Primer on Conditional Probability
When testing RSI I used conditional probability as my statistical tool, thinking that keeping it to high school level statistics would make the analysis easier to follow. However, how many of us remember high school statistics?
Visual Statistics
This is a Venn Diagram. They're useful for visualizing statistical problems. The circle labelled "A" contains all of the times that event "A" occurs. That event could be anything you care to measure, but in our case it'll be the times we get a positive or negative return over some future time period.
The overlap of the circles A and B is called the joint probability.

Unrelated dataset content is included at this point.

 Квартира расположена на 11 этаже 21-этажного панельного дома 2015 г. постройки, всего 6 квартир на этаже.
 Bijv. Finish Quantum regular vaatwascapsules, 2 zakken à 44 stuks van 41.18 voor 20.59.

It contains all of the times that A and B occur together.
Calculating Probabilities
Just like you'd calculate probability of getting heads on a fair coin by dividing all the heads you've seen by the total number of flips, the joint probability is calculated by counting all of the times the two events occur together by the total number of events.

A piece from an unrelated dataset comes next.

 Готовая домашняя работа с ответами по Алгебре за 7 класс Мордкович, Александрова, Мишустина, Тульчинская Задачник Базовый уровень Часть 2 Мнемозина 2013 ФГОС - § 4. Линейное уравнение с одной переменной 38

The conditional probability adjusts this joint probability. Conditional probability asks: for all of the times that B happened, how often did both A and B occur together? Just like the above, to calculate this we take the joint probability, and divide by the total count of events in B. That's conditional probability.

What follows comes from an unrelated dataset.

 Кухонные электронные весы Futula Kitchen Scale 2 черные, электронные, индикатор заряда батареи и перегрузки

The marginal probability is the probability that an event occurs, regardless of anything else. Like the probability of getting heads on a coin flip, regardless of the wind conditions or the person flipping it. If the conditional probability of event A given that B occurs is the same as the marginal probability of A occurring, then these events are said to be statistically independent: they don't depend on each other.
Statistical Edge and Random Noise
I like to call the difference between the marginal probability and conditional probability "edge". If the edge is close to zero, the signal is noise. If it's big, it might be a real signal.
In the real world we often have small sample sizes. If you flip a fair coin 1000 times, you might conclude that the probability of getting a heads is 53%! We know it should be 50, but you haven't taken enough samples. You can experiment with this concept here.
To compensate for small sample sizes, I like to compare my conditional probability results to a few sets of randomly generated samples of the same length. I compute the same "edge" for these series, which given their randomness we know should be exactly zero, and compare it to the edge for the candidate signal.
If the candidate signal's edge falls within the distribution of the random noise edge, then we can conclude that it's not worth adding to our toolbox. It doesn't definitively prove that it's 100% worthless, but it does show that it's contribution to your decision making process should be vanishingly small.